For instance, most safety research a year ago focused on the capabilities of AI models during their initial creation, known as the pre-training phase. AI regulations such as California’s SB 1047 aimed to place limits on models that were pre-trained at a certain size.

But over the past six months or so, AI researchers have learned how to increase capabilities of AI models in the “inference” phase, when a model is actually being used. By running models numerous times to hone an answer, they can become exponentially more effective.

The DeepSeek R1 model, for instance, would have slipped under the radar of safety bills like SB 1047, which was vetoed by California Gov. Gavin Newsom, despite being extremely powerful. That is because so much of its capabilities come from inference, rather than the size of its initial training.

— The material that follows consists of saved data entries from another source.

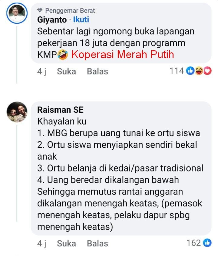 Dengan demikian, satu dapur MBG bisa menimbulkan pemasok sampai 10 atau 20 orang.
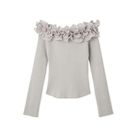 ボリュームたっぷりの立体フリルが視線を奪うリブニットトップス。布帛にプリーツを施してお花のように仕立てたフリルは、どの角度から見ても華やかで存在感のあるデザインです。肩まわりはほどよくデコルテが見えるバランスに設計し、そのままはもちろんオフショルとしても着用可能。ニット部分はテンションのあるリブ編みで身体に沿い、美しいシルエットをキープします。きれいめスカートとのエレガントな組み合わせはもちろん、パンツとのフェミニンカジュアルなスタイリングもおすすめです。
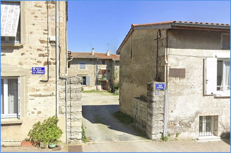 Lieu-dit La Croisée, rue de Cours (D308) intersection avec la rue de Lagresle (D58), deux plaques en angle sur un commerce. Une seule est photographiée. Elle se situait sur la Route Départementale N°5 allant de Frans à Roanne dans la Loire, nous ne sommes d’ailleirs qu’à 2kms2 de la frontière avec ce département limitrophe.
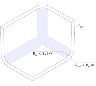 Правило постоянной толщины также применяется к углам изделия. Добавление буртика с максимально большим радиусом ко всем внутренним и внешним граням решает данный вопрос.
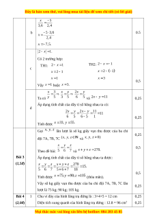I. PHẦN TRẮC NGHIỆM: Với mỗi câu đúng được 0,25 điểm. Câu 1 2 3 4 5 6 7 8 9 10 11 12 Đáp A B B D B D D C A B A B án II. PHẦN TỰ LUẬN Bài Phần Nội dung Điểm a 0,5 Bài 1 0,25 (1,0đ) b 0,25 Bài 2 a (2,0đ) 0,25 0,25
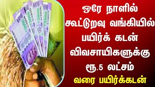 ஒரே நாளில் கூட்டுறவு வங்கியில் பயிர்க் கடன் ரூ.5லட்சம் வரை பயிர்க்கடன் tamilnadu tnnews subsidy loan
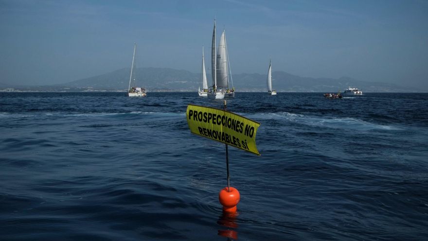 En las coordenadas UTM 353.619 (x) 4.031.825 (y) hay agua salada. A unos nueve kilómetros al sur de la Punta de Calaburras (Málaga) solo hay, de momento, mar. Pero ayer una flotilla se reunió en torno a este punto del mapa para colocar (y recoger después) una boya con un cartel en el que se leía “Prospecciones no, renovables sí”, porque quizá por debajo del agua salada, a un kilómetro de profundidad, haya gas natural. Repsol podría iniciar las prospecciones para determinar qué hidrocarburos y de qué calidad se almacena en una bolsa que localizó en 2005. Entre los barcos de la flotilla estuvo el Arctic Sunrise, de Greenpeace, que mañana partirá hacia las Islas Canarias para continuar la campaña contra las prospecciones.
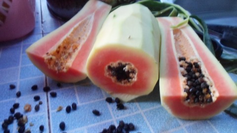 มะละกอต้นนี้ สีสวยสุกอร่อยมากค่ะ เก็บเมล็ดไว้ปลูกต่อค่ะ
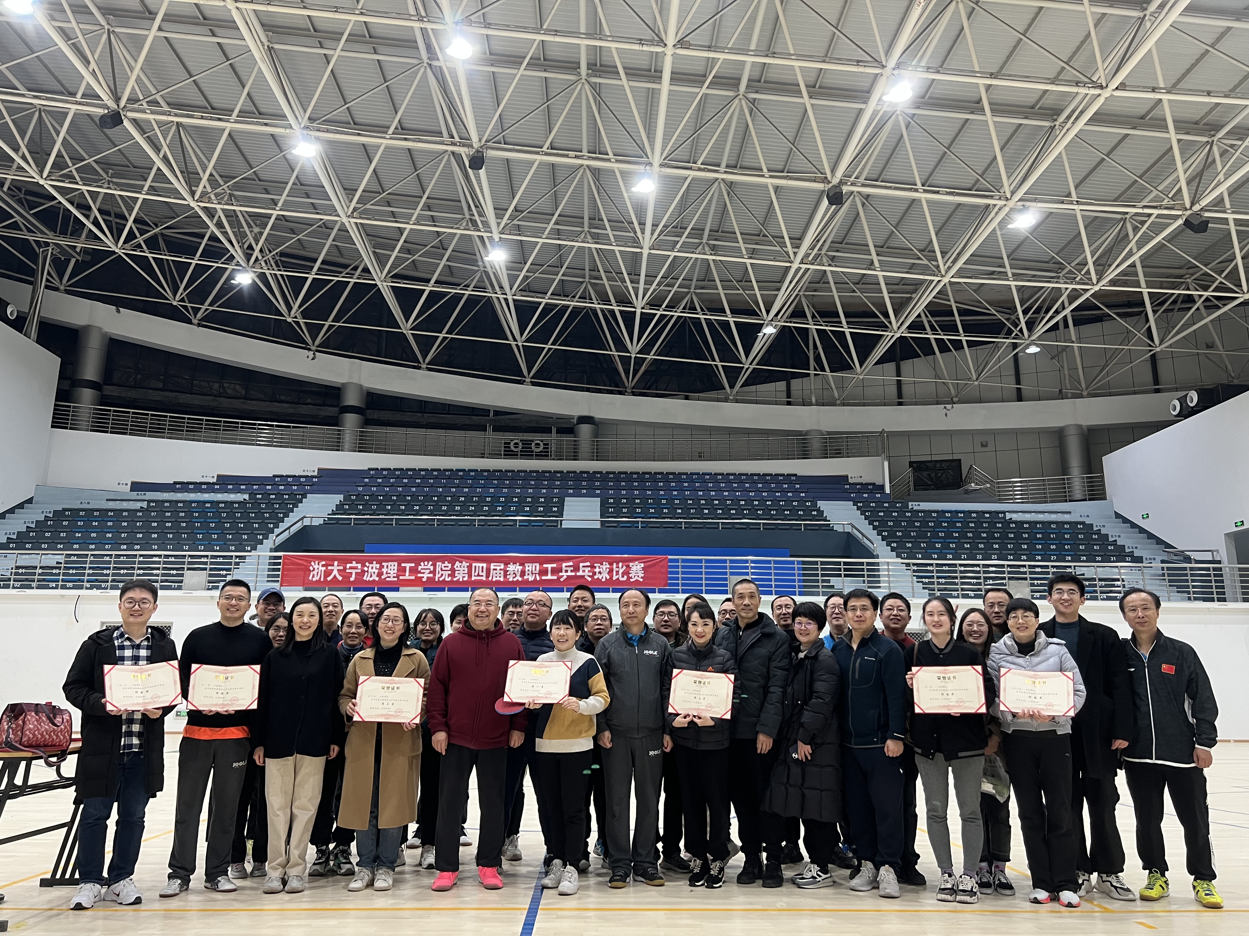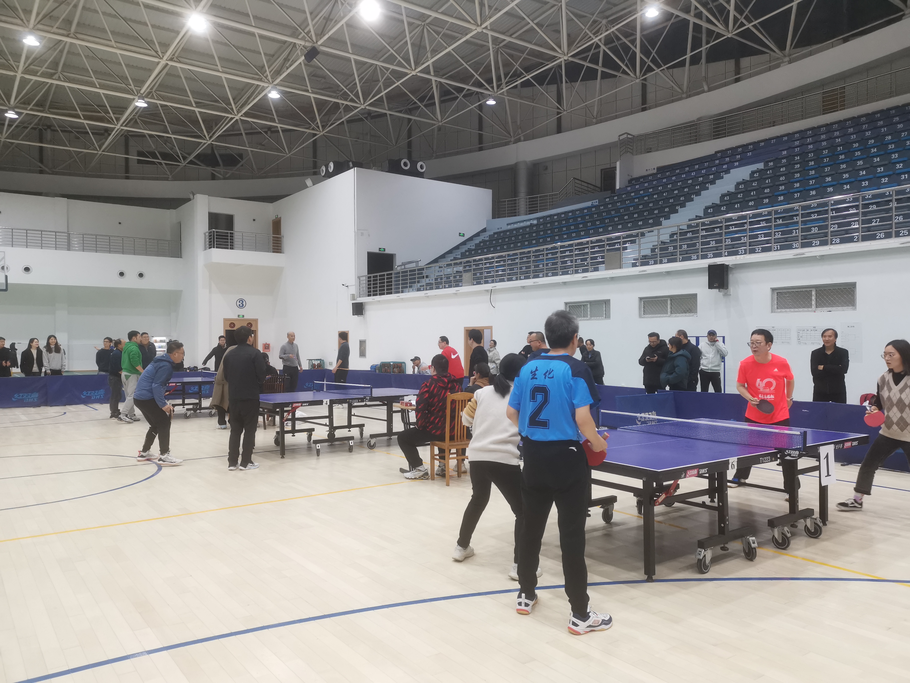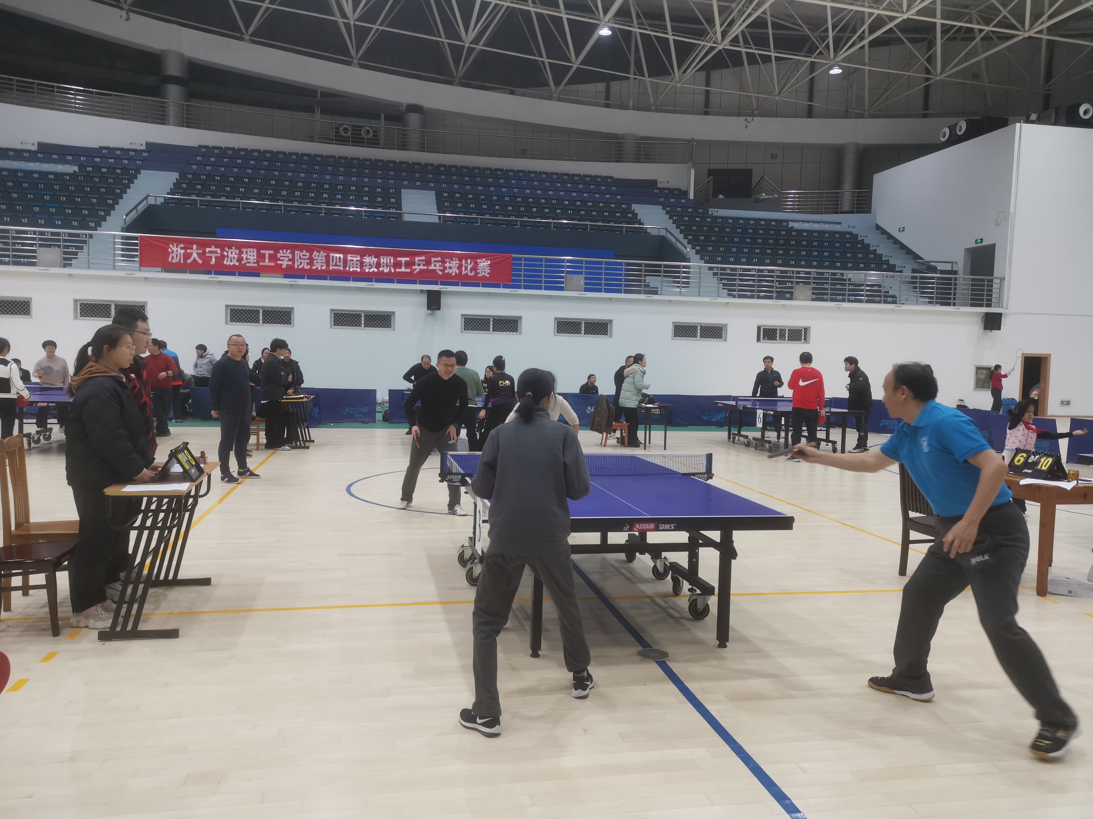 为进一步丰富广大教职工业余文化生活,加强各部门、学院之间沟通交流,增进教职工之间友谊,推动全民健身活动,促进乒乓球竞技水平提高,学校于12月7日晚在校内体育馆成功举办第四届教职工乒乓球比赛。本次比赛由学校工会、体委主办,马院分工会承办。
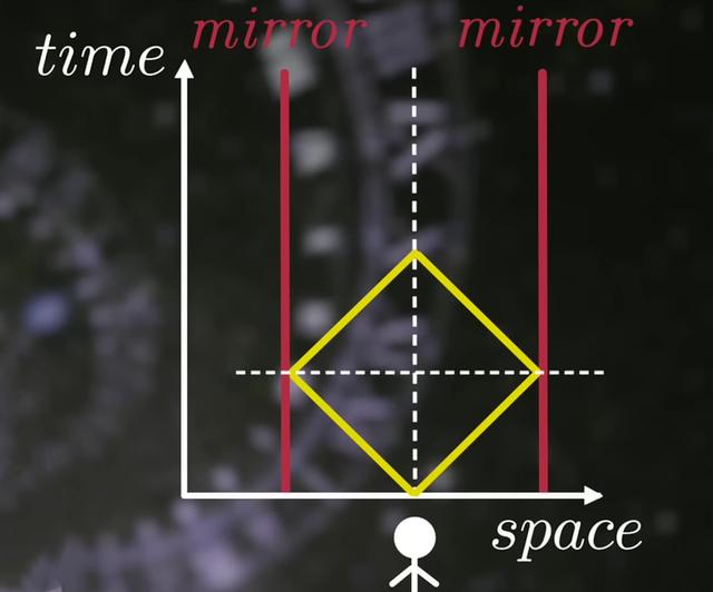 我們可以在直角坐標(biāo)系中畫出時(shí)間維度:一條用于時(shí)間,另一條用于至少一維空間,這稱為時(shí)空圖。如果只是靜止不動,那么在此類圖中的運(yùn)動是豎直的直線;如果以恒定的速度移動,那么在圖中是一條以一定角度傾斜的直線。最大的速度是光速,按照慣例它通常以45度角繪制。在空間中我們可以前后、左右或上下移動。但隨著時(shí)間的推移,我們只能向前,不能掉頭往后走。所以時(shí)間仍然在某些方面與空間不同。 光速是有限的,沒有什么比光速更快。你可能正在手機(jī)屏幕前看這篇文章,那么“現(xiàn)在”你的手機(jī)還在嗎?你的答案是肯定的,但物理學(xué)家可能會指出,實(shí)際上你并不知道,因?yàn)椤艾F(xiàn)在”手機(jī)發(fā)出的光還沒有到達(dá)你的眼睛。如果有人搶走了你的手機(jī),那么手機(jī)丟失的信息需要一小段時(shí)間才能到達(dá)你的大腦,那么你怎么會知道“現(xiàn)在”手機(jī)在哪里呢? 愛因斯坦的思想實(shí)驗(yàn)做到了這一點(diǎn),假設(shè)在我們左邊和右邊各放一面鏡子,之后同時(shí)向左右兩面鏡子各發(fā)射一個(gè)光子。因?yàn)槲覀冇泄馑俨蛔冊恚晕覀冎雷笥覂蓚€(gè)光子必須同時(shí)返回。最后一步,在整個(gè)過程所需的時(shí)間的一半時(shí),我們就知道光子一定是從鏡子上反彈回來的。現(xiàn)在,我們可以說這個(gè)時(shí)刻就是所謂的“現(xiàn)在”了,即使光還沒到達(dá)我們這里。時(shí)空圖中的表現(xiàn)形式如下圖。

“What you’re seeing with these new test time and inference models is a different type of capability that’s emerging,” Lue said. “That, plus the fact that we now are going to be seeing the emergence of agents, increasing tool use and ability to delegate more activities, means the suite of responsibility and safety evaluations and mitigations, of course, has to evolve.”

Helen King, DeepMind’s senior director of responsibility, said the evolving AI landscape offers some good news on the safety front.

New “reasoning” models like OpenAI’s o1 and o3 models and DeepSeek’s R1 model may provide more insight into how models are operating. “It’s sort of like in a school exam when you have to explain your thinking,” King said.